症状改善などの参考に、ぜひご一読ください。

アレルギー性鼻炎になる原因


引用元: マイクリニック(http://www.myclinic.ne.jp)

アレルギー性鼻炎を発症する原因物質のことを、アレルギー抗原(こうげん)またはアレルゲンといいます。
アレルゲンは家の中のホコリ、ダニの死がいやフン、カビ、ペットのフケ、花粉など、多くの薬物や食べ物などの種類があります。

患者さんによって何がアレルゲンかはさまざまで、医療機関で血液検査を受ければ特定することが可能です。
いろいろな情報を調べることができる血液検査ですが、アレルゲンの特定では特異的IgE抗体と呼ばれるものを測定します。

アレルゲンを特定するための血液検査にかかる費用は、一般的に保険適用で3割負担の患者さんですと、2,000円~5,000円くらいになります。
どうして数千円もの差があるのかというと、アレルゲンの種類(検査の項目数)で換算されるためです。

何がご自分のアレルゲンを把握せずに漠然と治療を進めていくより、特定してその物質の性質に向けての対応をした方が、より一層効率的な症状改善が期待できます。

アレルギー性鼻炎の症状

アレルギー性鼻炎の主な症状は、くしゃみ、鼻水、鼻づまり、咳などです。

日常生活の中でできる対策

病院へ行けば薬などでの治療が行われますが、日常生活の中で自分でできる対策があります。

鼻風邪に要注意!

鼻風邪というと一般的に他の病気より軽視されがちかもしれませんが、アレルギー性鼻炎の患者さんがかかった場合には安易に考えず、耳鼻咽喉科で適切な治療を受けることをおすすめします。
鼻風邪は急性鼻炎とも呼ばれる病気であり、アレルギー性鼻炎の2種類の病気を抱え込むことになってしまうため、発症すれば完治するまで長引きやすい傾向があります。

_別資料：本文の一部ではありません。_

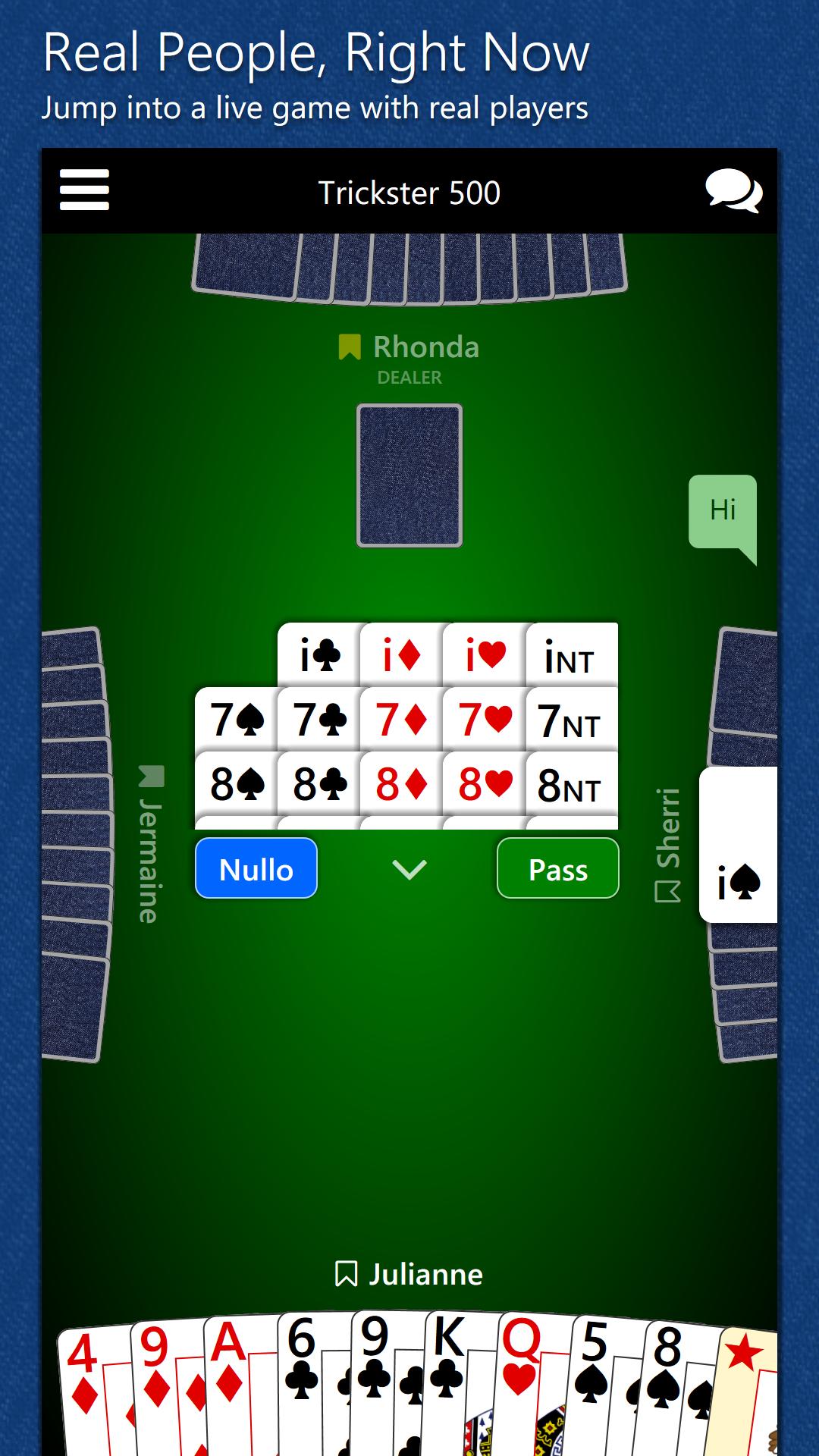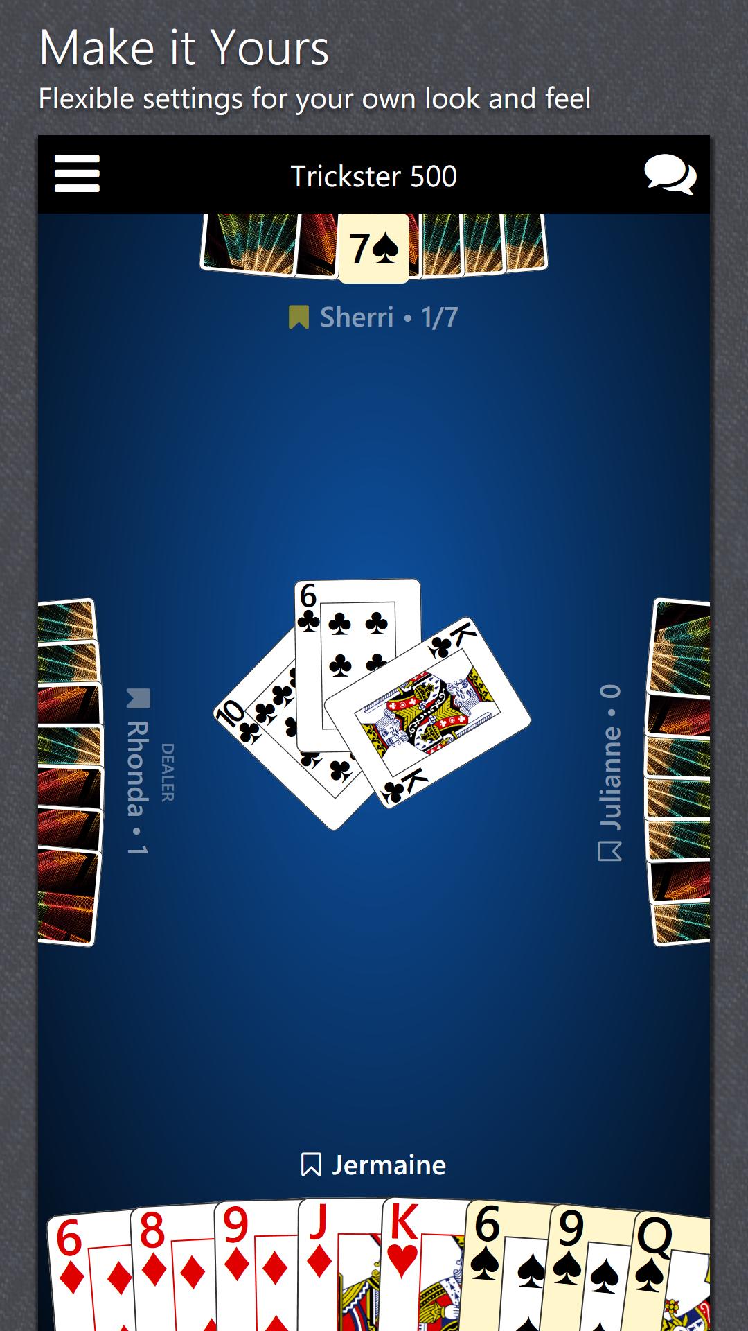 재미와 경쟁을 시작하게하십시오. 친구 및 가족과 좋아하는 게임을 플레이하거나 레벨에서 다른 라이브 플레이어와 어울리십시오. Trickster 500 사용자 정의 가능한 규칙을 제공하므로 500을 플레이 할 수 있습니다!

鼻風邪くらいなら自然に治ると思われるかもしれないのですが、アレルギー性鼻炎の方の場合は治るどころか急性副鼻腔炎に移行してしまう患者さんが非常に多いので十分に注意してください。
普段の生活でも特に風邪の予防をしっかり行い、栄養バランスのいい食事を心掛けたり、質の高い睡眠を取るなど、体調管理に力を入れていきましょう。

小まめな掃除でダニ退治

ダニはアレルゲンの一つなので、生活環境である自宅は小まめに掃除するようにしてください。
掃除機は、1週間に2回以上行います。
しっかりダニの死がいなどを取り除けるよう、1畳のスペースにつき30秒以上かけ、ゆっくり吸引部を動かすことがコツです。

掛け布団カバーやシーツはどのくらいの頻度で洗濯すれば適切か悩むところですが、アレルギー性鼻炎の方は1週間に少なくとも1回以上洗いたいところです。
近頃では、寝具のカバーに機能付きタイプが開発されています。
ダニを通さない寝具カバーが発売されていますので、枕カバー、布団カバー、ベットのマットに取り入れてみてはいかがでしょう。

布団の管理は湿気を減少させることがカギなので、布団干しは1週間に2回以上することを目指してみてください。
梅雨や忙しい時期などの難しいときは、部屋の中で干すだけでも違います。
布団乾燥機を活用するのもおすすめで、1週間に1回以上掃除機をかけることもダニ対策になります。

フローリングは清潔に保てるイメージがありますが、ホコリが立ちやすいという特徴もあります。
多くの方が掃除機のあとに拭き掃除をされていますが、拭き掃除をしてから掃除機が正解です。

畳、カーペット、布張りのされたソファーをご購入予定の方は、ダニ対策を考えた場合おすすめできません。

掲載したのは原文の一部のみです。